*Problem description*
Output only the lines below from the one holding "Boots, Heels, Curly" down to the one holding "Haircare brand Briogeo", both end lines included and every picture dropped.

(Collected data entries)
□ □ □ □ □ □ □
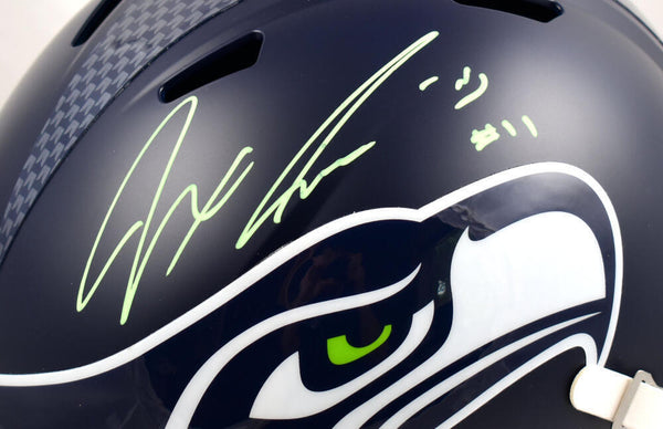 Jaxon Smith-Njigba Autographed Seattle Seahawks F/S Speed Helmet- Fanatics *Green This is a hand autographed Helmet of Jaxon Smith-Njigba of the Seattle Seahawks. This is a Riddell Football Full Size Speed Replica Helmet. This item has a Fanatics Authentication, which comes with a Fanatics numbered sticker hologram and a QR code for verification. You can view this item on the Fanatics Authentication website. It was signed either at a public autograph appearance or a private signing. This is a stock photo of the item. Although you may not receive this exact item, the item you receive is virtually identical and brand new in great shape.
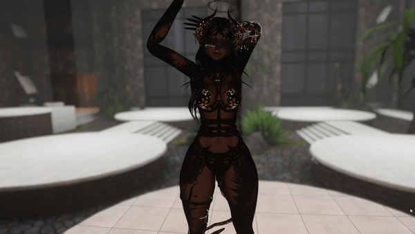 TOGGLES: Horns, Tail, Bra, Panties, Blindfold, Boots, Heels, Curly Hair, Straight Hair, Dress, Harness, Glasses, Elf Ears, Face Chain, Garter, Halo, Heart, Petals,
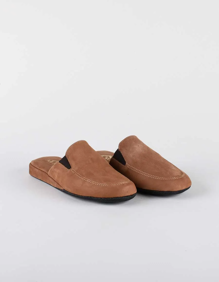 Pantofola uomo marrone chiaro in pelle martellata, inserti laterali in elastico per facilitare la calzata. Sottopiede imbottito per il massimo comfort. Suola 3 cm. Tomaia in pelle, interno in pelle e suola in gomma.
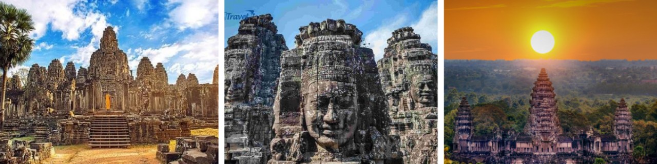 - Đền Bayon thuộc khu vực trung tâm của cổng nam đền Angkor Thom với 216 nụ cười bí ẩn. Tượng Bayon 4 mặt thể hiện “hỷ, nộ, ái, ố” trên từng nét mặt, với những tranh điêu khắc dài hàng trăm mét diễn tả lịch sử và xã hội Khmer thời xa xưa. Chiêm ngưỡng nghệ thuật kiến trúc Angkor hùng vĩ. Xe đưa quý khách đi ngang qua quảng trường đấu Voi – nơi tổ chức các lễ hội truyền thống của Người Khmer cổ, tháp 12 con giáp,….
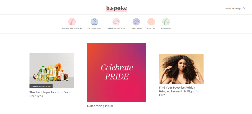 Haircare brand Briogeo uses its blog for all sorts of queries and tips within its niche, such as product promotion, DIY hair care, and helpful guides on discovering your hair type. It speaks on a lot of topics but makes sure to favor keywords in its market, from “healthy hair” to “itchy scalp” to promote the website across search engines.
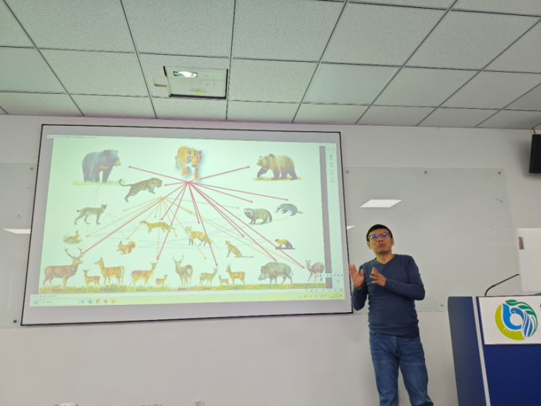 生命科学学院冯利民教授则以“食肉动物保护研究”为题,深入浅出地阐述了食肉动物种群、种內及种间关系、我国东北虎豹生态环境、生活习性以及面临的威胁,并提出了针对性的保护措施和建议,有效促进学科交叉和融合。
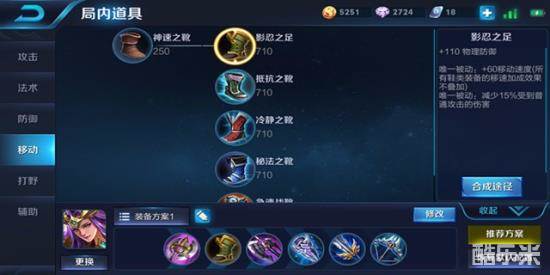 影忍之足:一技能和大招的免疫控制效果使得雅典娜没有必要出抵抗之靴,并且影忍之足可以抵免敌军普攻的伤害。
□ □ □ □ □ □ □
*Answer to this problem*
 TOGGLES: Horns, Tail, Bra, Panties, Blindfold, Boots, Heels, Curly Hair, Straight Hair, Dress, Harness, Glasses, Elf Ears, Face Chain, Garter, Halo, Heart, Petals,
 Pantofola uomo marrone chiaro in pelle martellata, inserti laterali in elastico per facilitare la calzata. Sottopiede imbottito per il massimo comfort. Suola 3 cm. Tomaia in pelle, interno in pelle e suola in gomma.
 - Đền Bayon thuộc khu vực trung tâm của cổng nam đền Angkor Thom với 216 nụ cười bí ẩn. Tượng Bayon 4 mặt thể hiện “hỷ, nộ, ái, ố” trên từng nét mặt, với những tranh điêu khắc dài hàng trăm mét diễn tả lịch sử và xã hội Khmer thời xa xưa. Chiêm ngưỡng nghệ thuật kiến trúc Angkor hùng vĩ. Xe đưa quý khách đi ngang qua quảng trường đấu Voi – nơi tổ chức các lễ hội truyền thống của Người Khmer cổ, tháp 12 con giáp,….
 Haircare brand Briogeo uses its blog for all sorts of queries and tips within its niche, such as product promotion, DIY hair care, and helpful guides on discovering your hair type. It speaks on a lot of topics but makes sure to favor keywords in its market, from “healthy hair” to “itchy scalp” to promote the website across search engines.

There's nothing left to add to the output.